Rap and rock are both too well-trodden to produce anything new and decent, no matter how they're combined or who collaborates with who.

Turning on a commercial rock or hip hop station is as boring to me as turning on a classical station, but at least with a classical station the arrangements are dynamic, not the Aural Exciter over-compressed monotone brickwall productions that are so shiny they dull your ears easy.

The range of most rock records is tiny; seems to average between -8 and -16 dBfs. I wish artists would wise up and start releasing 'loudness mixes' and 'natural mixes' where not everything is boosted to stupid levels. I think a lot of modern artists might not sound so good if we could hear mixes of their music at -24dBfs and below where the peak limiter doesn't hit 0db every second.

Re: Both are bad choices.
by NightSwimmer

The problem is not so much the recording techniques as the absolute lack of inspiration and talent.

The pop music pablum that we are being fed nowadays could be just as easily (and for the most part -- probably is) generated by computer algorithms rather than human artistry.

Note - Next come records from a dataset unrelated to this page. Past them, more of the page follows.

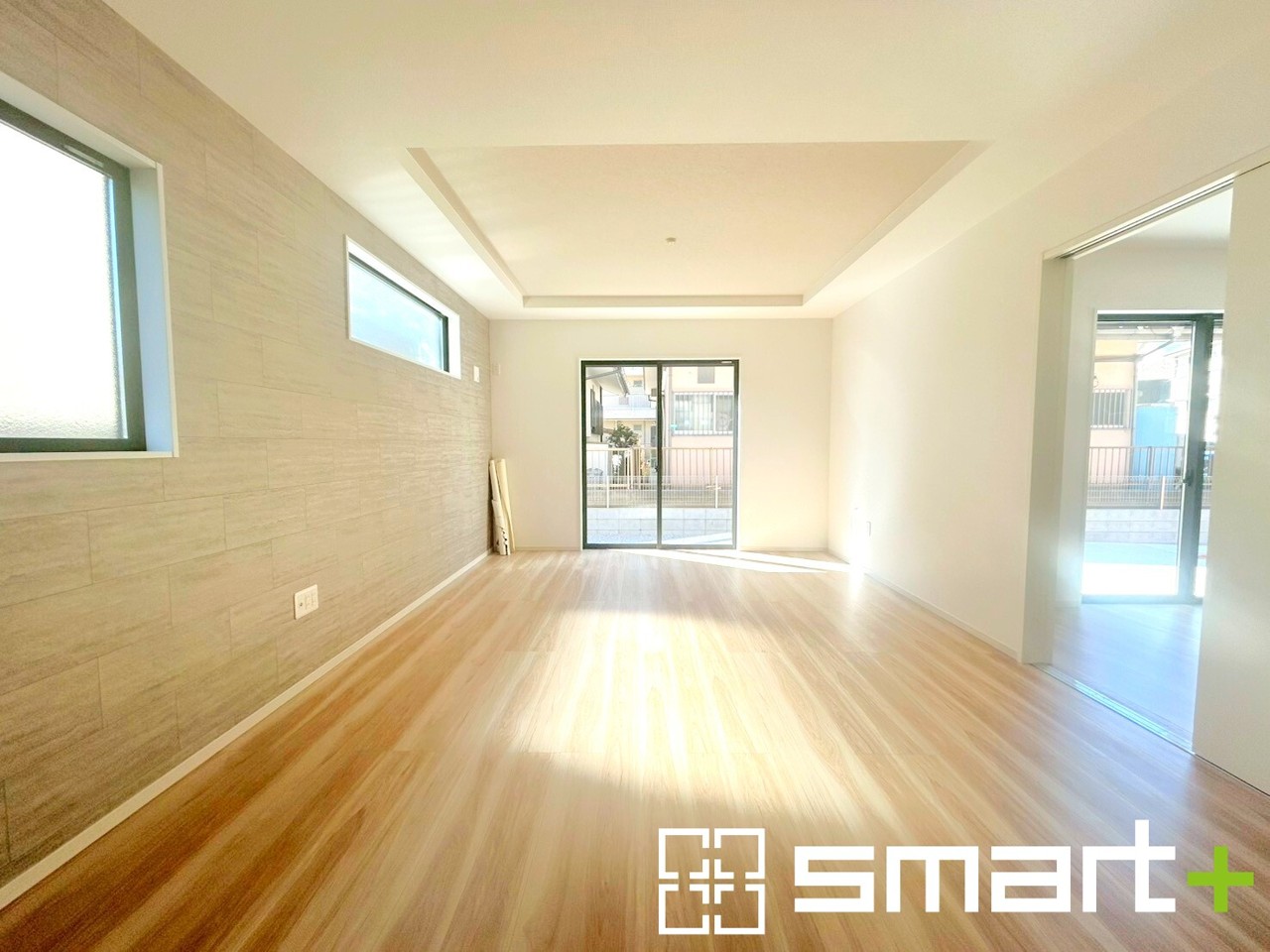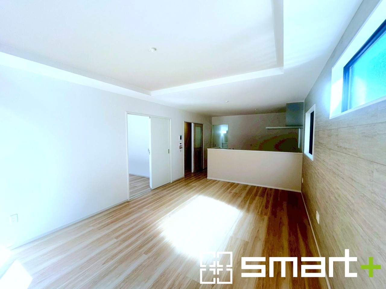 ~折り上げ天井のあるLDK~ ・一部天井を高くする折り上げ天井を配する事で縦への空間が生まれ、開放感のある広々とした仕様に。 ・ぜひ現地でその魅力をご体感くださいませ。
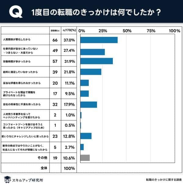 続いて、転職のきっかけについて聞くと、「人間関係が悪化したから」が37.0%、「労働時間が多かったから」が31.9%、「仕事内容が自分に合っていない。つまらない。大変だから」が27.4%、「給料に満足していなかったから」が21.8%と続いた。
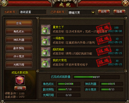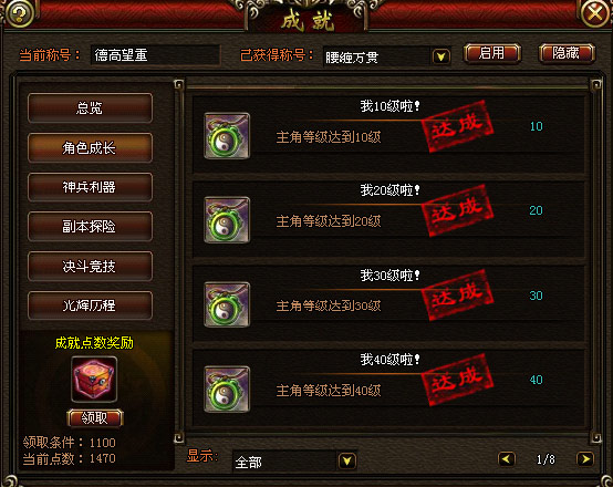 点击游戏主界面的最右上角功能图标“成就”,可进入到成就系统界面查看所有的成就任务信息。成就系统界面里包含了当前已获得的成就信息,以及即将获得的成就。

This applies to rock, country and just about any other category/genre of popular music.

Re: Both are bad choices.
by Eigenvector
The talent is out there, you just have to look for it. I've noticed that all music goes through phases, hot phases, cold phases, check cashing phases. We're just in the check cashing phase right now. The problem is with people who don't stick with it, don't recognize what it was they liked about the music and flee to something reactionary out of spite and irritation. Or you have people who are so eager to find "THE NEXT BIG THING!" that anything in their catalogue over 2 months is considered "dated and worthless" (unless of course the music is popular then it's a hipster collectors item). The OP reminds me of those poor misguided souls who embraced experimental jazz but never really listened to jazz anything before 1970. All those people who thought Miles was hot shit, even when it was clear all that pot and heroin turned his brain to mush.